All my projects involve docker in some way. But something being packaged up into docker doesn't mean the python code can be understood by anyone who might need to understand it in the future

misty flint Jul 1, 2022, 3:31 AM

#

that is also true

#

clean code + good documentation goes a long way

#

something i heard recently is that a well-written function in python (in many cases) should never be more than 5-8 lines

#

there was another recommendation for class length but i forgot already

#

kekHands

#

Clown2

#

anyway these ramblings of mine are mostly for the lurkers in the chat or those that backread (stel already knows all this and more...he should be teaching me...jk). anyway peeps, keep these concepts in the back of your mind during your learning journey DoggoKek

#

i will sleep now. gn waveboye

lapis sequoia Jul 1, 2022, 4:10 AM

#

Hi, is there any resource that goes in depth on the convergence properties of reinforcement algorithms

tropic matrix Jul 1, 2022, 4:31 AM

#

I'm training a DNN machine learning model in tensorflow keras on a dataset with over 22 million rows of data and around 4400 columns, so I'm using a Data Generator (keras.utils.Sequence) in order to not run out of memory. however, i'm finding that the GPU i'm using is only under around 20-40% utilization, and the CPU 100% utilization, and I believe this is slowing down my training. Is there a way to increase GPU usage without increasing batch size in order to speed up training? anything else I can do to speed it up?

I'm using a batch size of 1024, image is the specs for the machine

tacit basin Jul 1, 2022, 4:40 AM

#

tropic matrix I'm training a DNN machine learning model in tensorflow keras on a dataset with ...

Seems the bottleneck is CPU. Get machine with faster CPU or optimize data pipeline

tropic matrix Jul 1, 2022, 4:41 AM

#

tacit basin Seems the bottleneck is CPU. Get machine with faster CPU or optimize data pipeli...

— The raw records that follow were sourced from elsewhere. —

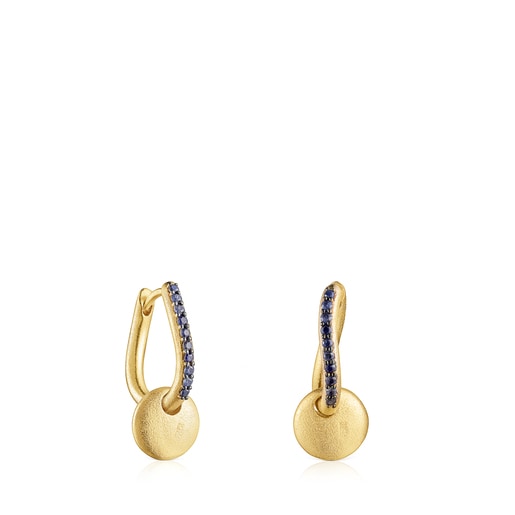 TOUS Luah full moon hoop earrings in silver vermeil, measuring 8.5 mm, with blue sapphire pavé, in different shades, on blue rhodium plating measuring 15 mm. Hoop clasp. Sterling silver plated with 18kt gold with a thickness of 3 to 5 microns and with no other metal between them. Production technique: Casting.
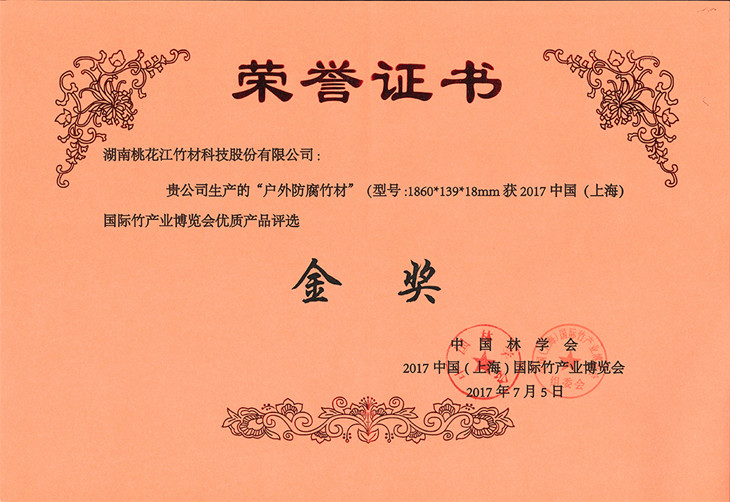湖南桃花江竹材科技股份有限公司生產(chǎn)的戶外防腐竹地板在2017年7月中國(上海)國際竹產(chǎn)業(yè)博覽會(huì)中榮獲金獎(jiǎng),該獎(jiǎng)項(xiàng)由中國林學(xué)會(huì)、中國(上海)國際竹產(chǎn)業(yè)博覽會(huì)頒發(fā)。湖南桃花江竹材科技作為中國竹材領(lǐng)域高炭防腐技術(shù)的發(fā)明者,在中國竹材領(lǐng)域有著舉足輕重的地位。湖南桃花江竹材科技一直專注與于竹材的戶外運(yùn)用研發(fā)與創(chuàng)新,為全球客戶提供優(yōu)質(zhì)竹材。
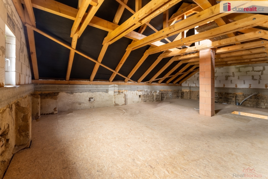 Podkroví nabízí volný potenciál: dětský pokoj, home office s výhledem, ateliér, knihovna záleží na vás, co v tom prostoru najdete.
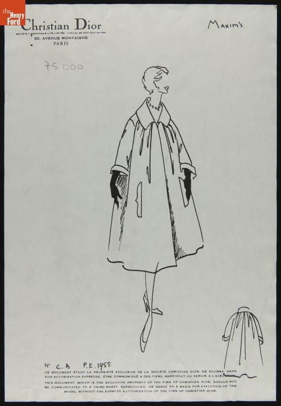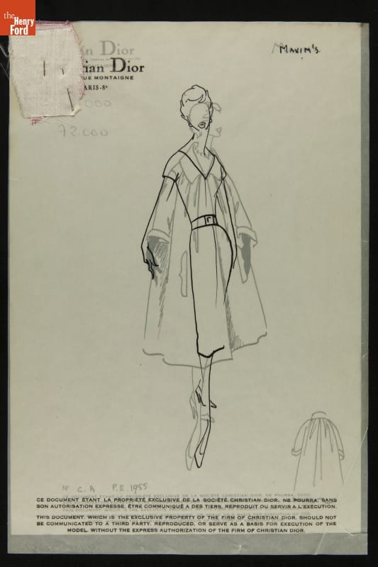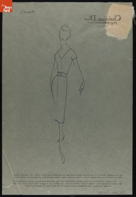 Fashion houses provided sketches to clients interested in purchasing garments from the designer's line of couture clothing. These sketches contained an image of a gown, dress or other apparel, illustrating the designer's stylistic vision. Fabric samples were usually included. Clients could then decide which design to purchase and suggest personal changes. This sketch was sent to Elizabeth Parke Firestone, wife of tire magnate Harvey S. Firestone, Jr.
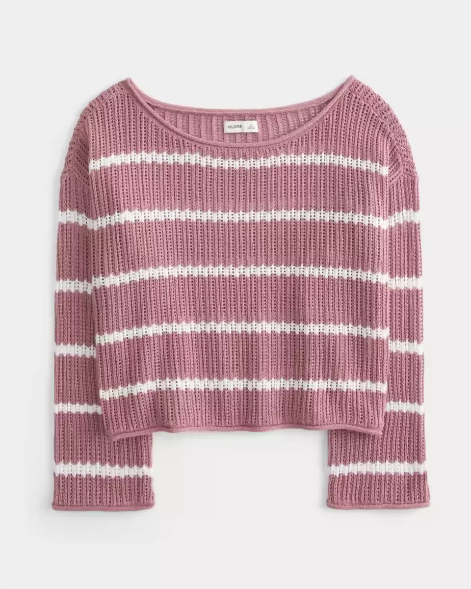 En supermjuk tröja i virkat tyg, med sömnad struktur och ett randigt mönster. Avslappnad rund halsringning, långa ärmar. Easy Fit. Importerad.
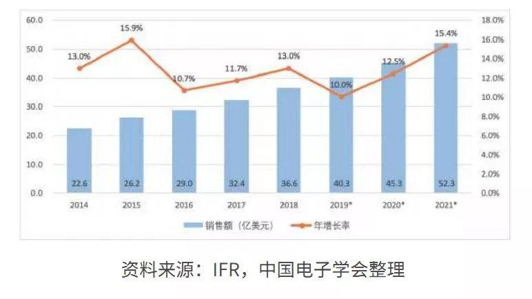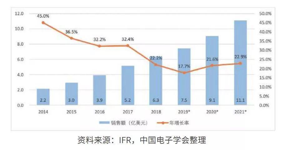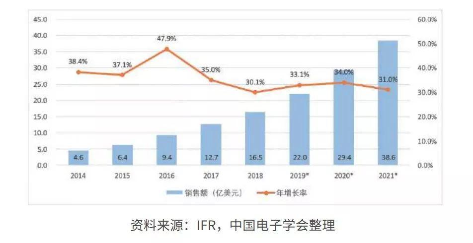另一方面,2014年至2019年,我國機(jī)器人市場平均增長率達(dá)20.9%。上半年,全球機(jī)器人市場規(guī)模達(dá)144億美元,其中中國為42.5億美元,占全球近30%。其中工業(yè)機(jī)器人占57.3億美元,服務(wù)機(jī)器人占22億美元,特種機(jī)器人占7.5億美元。
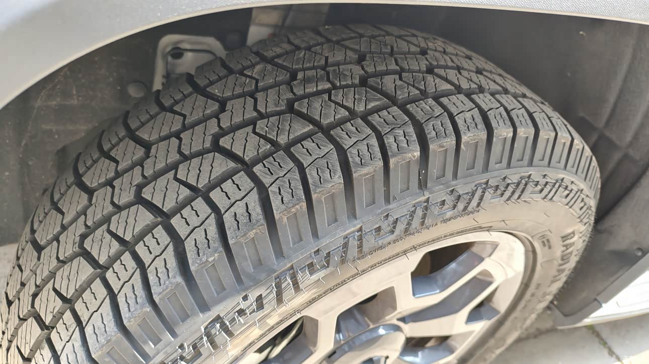 外观我肯定给高分,吸引我买车就是冲着外观去的,一眼喜欢,硬朗方正,线条很直,典型的硬派越野风格,大灯、轮眉、小书包备胎都很有辨识度。原厂黑化套件加上AT胎,气质直接拉满,日常开霸气且不夸张,出去玩又足够有范儿。

how would i go optimizing the data pipeline?

tacit basin Jul 1, 2022, 4:41 AM

#

What do you do with data before putting it on GPU?

tropic matrix Jul 1, 2022, 4:47 AM

#

tacit basin What do you do with data before putting it on GPU?

i'm not sure what you mean by that, but i'll send over the code for the data generator:

class DataGenerator(keras.utils.Sequence):
    'Generates data for Keras'
    def __init__(self, list_IDs, col_len, batch_size=1024, shuffle=True):
        'Initialization'
        self.col_len = col_len
        self.batch_size = batch_size
        self.list_IDs = list_IDs
        self.shuffle = shuffle
        self.on_epoch_end()

    def __len__(self):
        'Denotes the number of batches per epoch'
        return int(np.floor(len(self.list_IDs) / self.batch_size))

    def __getitem__(self, index):
        'Generate one batch of data'
        # Generate indexes of the batch
        indexes = self.indexes[index*self.batch_size:(index+1)*self.batch_size]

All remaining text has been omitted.